I think open-sourcing would also open the doors to some collaboration too. I'll be starting a new job in a new city in just a week (horray for not being unemployed anymore!), and I intend to keep coding as a full time hobby. It would be great to make some connections with other developers out there (whether new or just those looking for another project), and I think that being able to work with others on this project would make my transition more bearable.

I still haven't made a final decision, but as you can probably tell, I'm leaning towards open-sourcing the project. I need to do a lot of code cleanup before such a step could be made, and I have some learning to do on github, but there it is. What do you guys think? Assuming the final app is smooth as butter and includes the features I've talked about thus far, would you be willing to drop a couple of bucks on a donate version just because? Would anyone consider contributing to the project in close collaboration with me?


----------



## Wingnut

Keep it closed source. Take a benefit from your work.

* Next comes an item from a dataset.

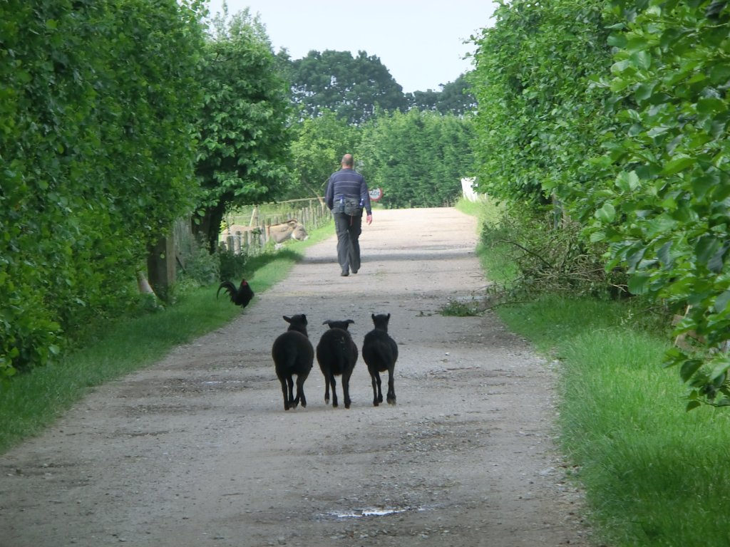 Op een fietspad liepen een paar schaapjes gezellig met ons mee.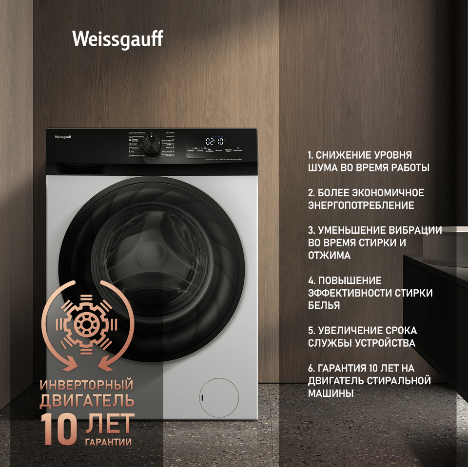 10 лет гарантии на инверторный двигатель - это живое подтверждение немецкой уверенности Weissgauff в качестве выпускаемой нами продукции!

Make a paid Version and a free version and everyone would be happy.


----------



## tbot

Wingnut said:


> Keep it closed source. Take a benefit from your work.
> 
> Make a paid Version and a free version and everyone would be happy.


This. Make your time invested worth while. If your interested about the user...make something available on the forum...maybe one that doesn't have ALL the features but works well for most their needs. I think if its something people will want, which the way things r looking they will, then they'll pay a couple bucks for the upgrade, and then not only will everyone be happy, you make some money too.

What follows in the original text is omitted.